I feel that due to all of the expenses and obligations in daily life a
lot of parents are not able to spend all of the time they would like
with their children. Having a child is a life-changing experience, and
supporting them is too. I have struggled daily with thoughts that I do
not spend enough time with my girls. Many times I feel ashamed of the
little time I spend with my daughters. Juggling work, school,
financial obligations, and just life in general has made it hard for
me to be with them at all times. Sometimes I feel like I am a bad
parent and I get emotional because I feel like I am missing so much
while at work. One of my fears was that they would forget about me, or
get closer to someone else and not want me. The most emotional thing
for me was that I did not get to see Genesis take her first steps when
she began walking. I wanted so bad to be there for that moment but it
wasn’t possible. I was very hard on myself about missing her “firsts”
but from that I have learned to better appreciate the time I can spend
with my girls.
I want Genesis and Samyrah to know that everything I do in my life is
for them and that I really do want to be a great mother to them. After
work I fly home and hug them tight. I miss them every day.

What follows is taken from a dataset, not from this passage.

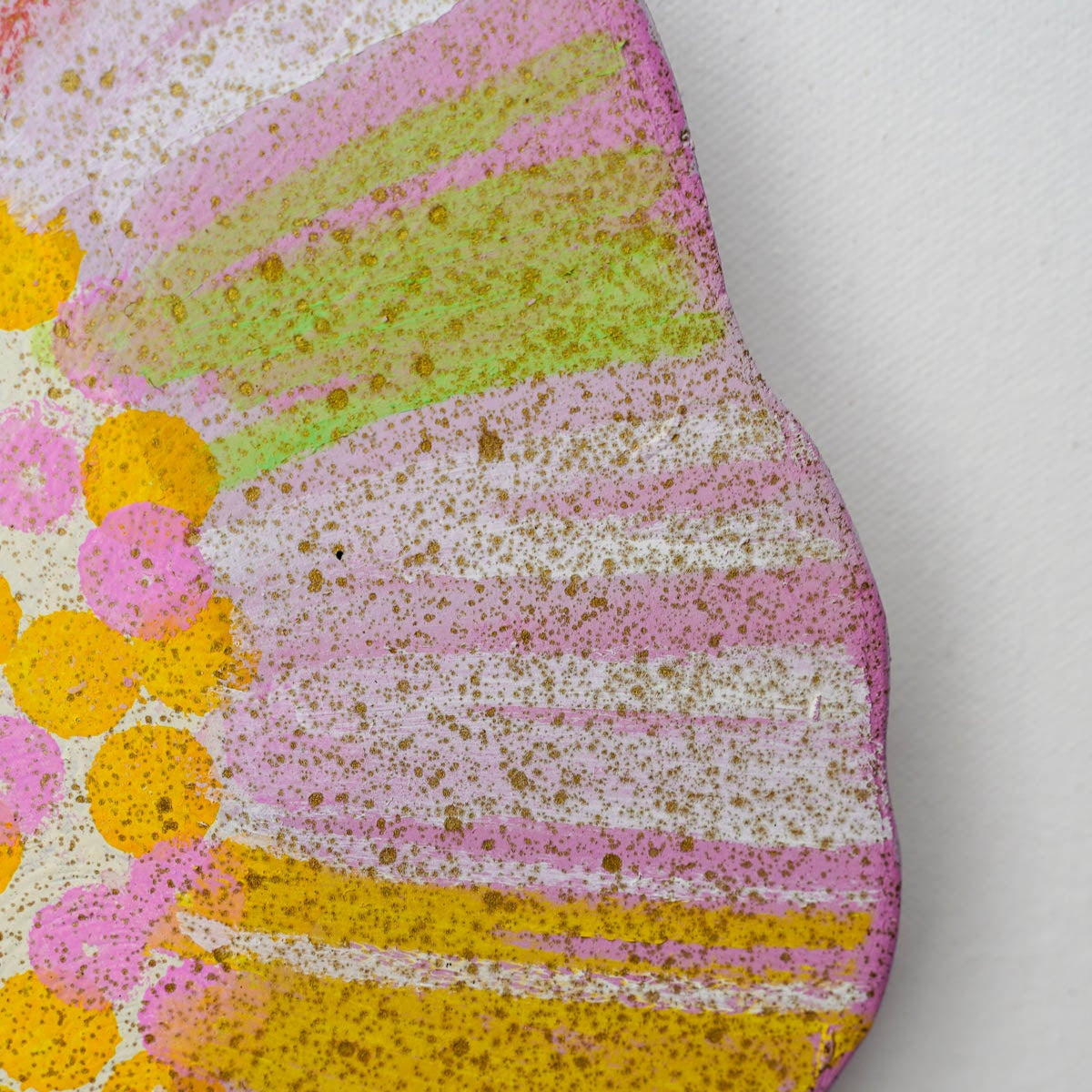 Tripping on wooden blocks, watching bubbles gather and clog the blower, chaos and colour piled high where artisan ceramics and records once lived. The Kaleidoscope Cuts series is born from the joy and frustration that comes when little people merge into our spaces. Their mountains of books, toys, bits and bobs weave into ours, micro worlds found tucked between the couch and dining table. A love for kawaii and the kitsch is evident in these works, their toy-like forms a playful nod to collectible culture and a celebration of wonder and wildness.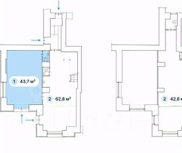 Описание помещения: Две отдельные входные группы с фасада с 1-ой линии, есть входы со двора.

I keep
pictures at my desk and it helps miss them a little less on some days.
Thinking negatively about me as a mother was not going to change the
time I spent with them, what I missed, or how they felt about me .I
may not be the perfect mother, but I strive to be the best mother I
can. Working and getting my college education is something I am hoping
they appreciate when they are old enough to understand. It is my way
of building a foundation for our future life.
Try not to feel guilty. I am a big believer that kids value quality time over quantity of time spent. It sounds like you totally engage with your kids when you are home. One day they will appreciate the sacrifice you make for them every day.